In the entries below, which lines run from the one containing "銀質弓形,由基底往指尖漸細,面底部飾古錢" to the one containing "베리시(VERISH)는 'You are"? Copy exactly those lines, ends included, and no others.

- MATERIAL PROVIDED -
•••••

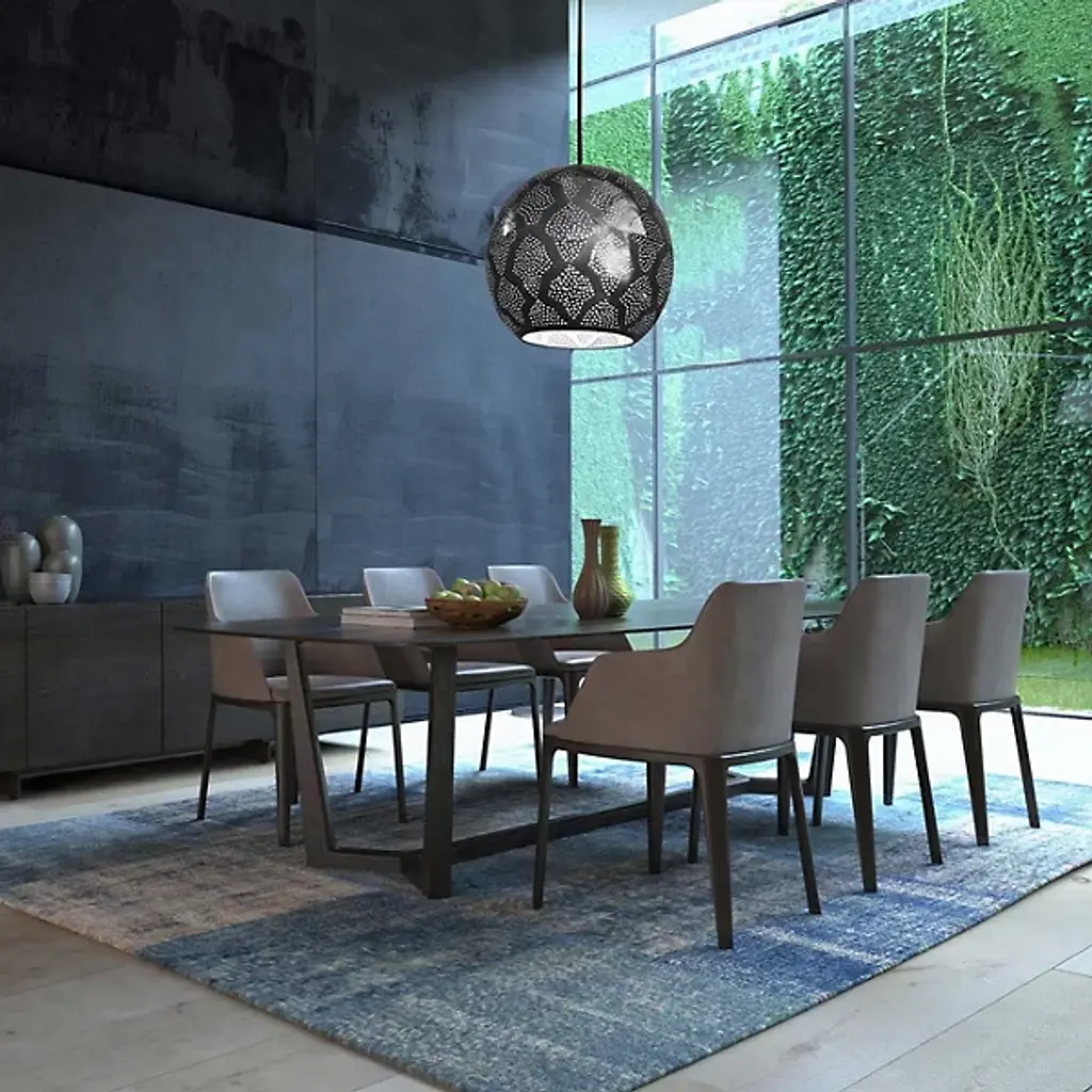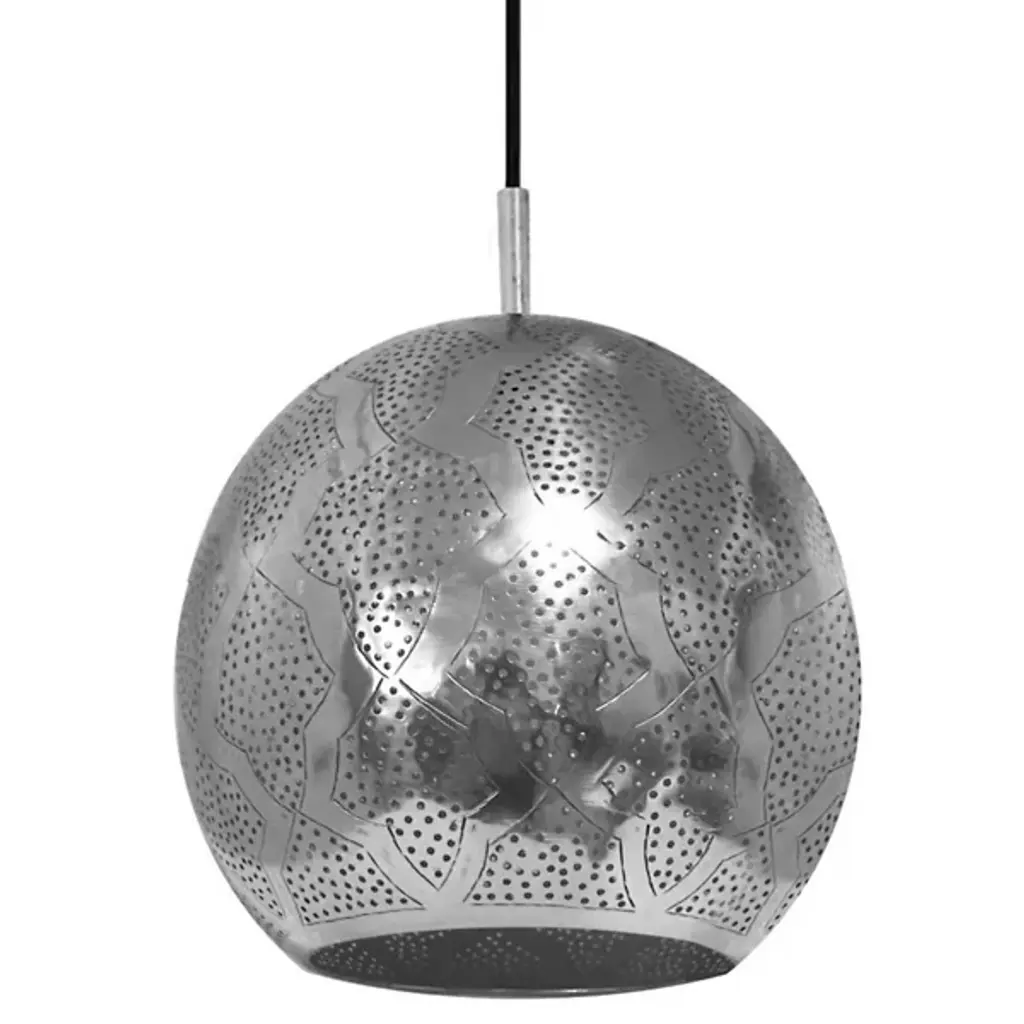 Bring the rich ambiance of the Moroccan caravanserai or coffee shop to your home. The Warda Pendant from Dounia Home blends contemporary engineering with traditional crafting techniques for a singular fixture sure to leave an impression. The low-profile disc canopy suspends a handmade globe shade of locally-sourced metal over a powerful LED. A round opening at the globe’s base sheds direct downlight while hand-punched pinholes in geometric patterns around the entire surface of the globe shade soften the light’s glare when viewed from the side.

•••••

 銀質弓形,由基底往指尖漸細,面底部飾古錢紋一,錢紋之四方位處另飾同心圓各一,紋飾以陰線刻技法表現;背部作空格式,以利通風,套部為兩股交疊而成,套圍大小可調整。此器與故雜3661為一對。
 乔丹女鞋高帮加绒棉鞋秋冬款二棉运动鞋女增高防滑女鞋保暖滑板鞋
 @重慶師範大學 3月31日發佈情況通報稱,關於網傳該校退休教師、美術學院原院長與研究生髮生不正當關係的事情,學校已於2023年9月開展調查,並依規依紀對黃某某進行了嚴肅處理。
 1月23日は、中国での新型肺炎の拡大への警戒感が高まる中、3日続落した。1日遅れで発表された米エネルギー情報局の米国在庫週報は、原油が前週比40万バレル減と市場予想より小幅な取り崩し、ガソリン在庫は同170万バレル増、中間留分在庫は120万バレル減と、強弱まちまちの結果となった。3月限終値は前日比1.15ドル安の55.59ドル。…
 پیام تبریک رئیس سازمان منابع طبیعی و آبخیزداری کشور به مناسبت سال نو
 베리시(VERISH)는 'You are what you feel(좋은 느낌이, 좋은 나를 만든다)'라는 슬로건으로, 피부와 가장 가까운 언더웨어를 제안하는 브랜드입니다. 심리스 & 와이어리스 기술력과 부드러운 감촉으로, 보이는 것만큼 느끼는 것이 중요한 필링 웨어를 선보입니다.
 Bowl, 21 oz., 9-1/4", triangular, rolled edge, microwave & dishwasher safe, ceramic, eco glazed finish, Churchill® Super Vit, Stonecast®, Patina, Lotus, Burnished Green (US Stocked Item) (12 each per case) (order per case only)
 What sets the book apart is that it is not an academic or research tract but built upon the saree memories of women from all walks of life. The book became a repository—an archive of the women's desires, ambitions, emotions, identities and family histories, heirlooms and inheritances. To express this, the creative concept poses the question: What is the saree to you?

•••••

- OUTPUT OF THE EXERCISE -
 銀質弓形,由基底往指尖漸細,面底部飾古錢紋一,錢紋之四方位處另飾同心圓各一,紋飾以陰線刻技法表現;背部作空格式,以利通風,套部為兩股交疊而成,套圍大小可調整。此器與故雜3661為一對。
 乔丹女鞋高帮加绒棉鞋秋冬款二棉运动鞋女增高防滑女鞋保暖滑板鞋
 @重慶師範大學 3月31日發佈情況通報稱,關於網傳該校退休教師、美術學院原院長與研究生髮生不正當關係的事情,學校已於2023年9月開展調查,並依規依紀對黃某某進行了嚴肅處理。
 1月23日は、中国での新型肺炎の拡大への警戒感が高まる中、3日続落した。1日遅れで発表された米エネルギー情報局の米国在庫週報は、原油が前週比40万バレル減と市場予想より小幅な取り崩し、ガソリン在庫は同170万バレル増、中間留分在庫は120万バレル減と、強弱まちまちの結果となった。3月限終値は前日比1.15ドル安の55.59ドル。…
 پیام تبریک رئیس سازمان منابع طبیعی و آبخیزداری کشور به مناسبت سال نو
 베리시(VERISH)는 'You are what you feel(좋은 느낌이, 좋은 나를 만든다)'라는 슬로건으로, 피부와 가장 가까운 언더웨어를 제안하는 브랜드입니다. 심리스 & 와이어리스 기술력과 부드러운 감촉으로, 보이는 것만큼 느끼는 것이 중요한 필링 웨어를 선보입니다.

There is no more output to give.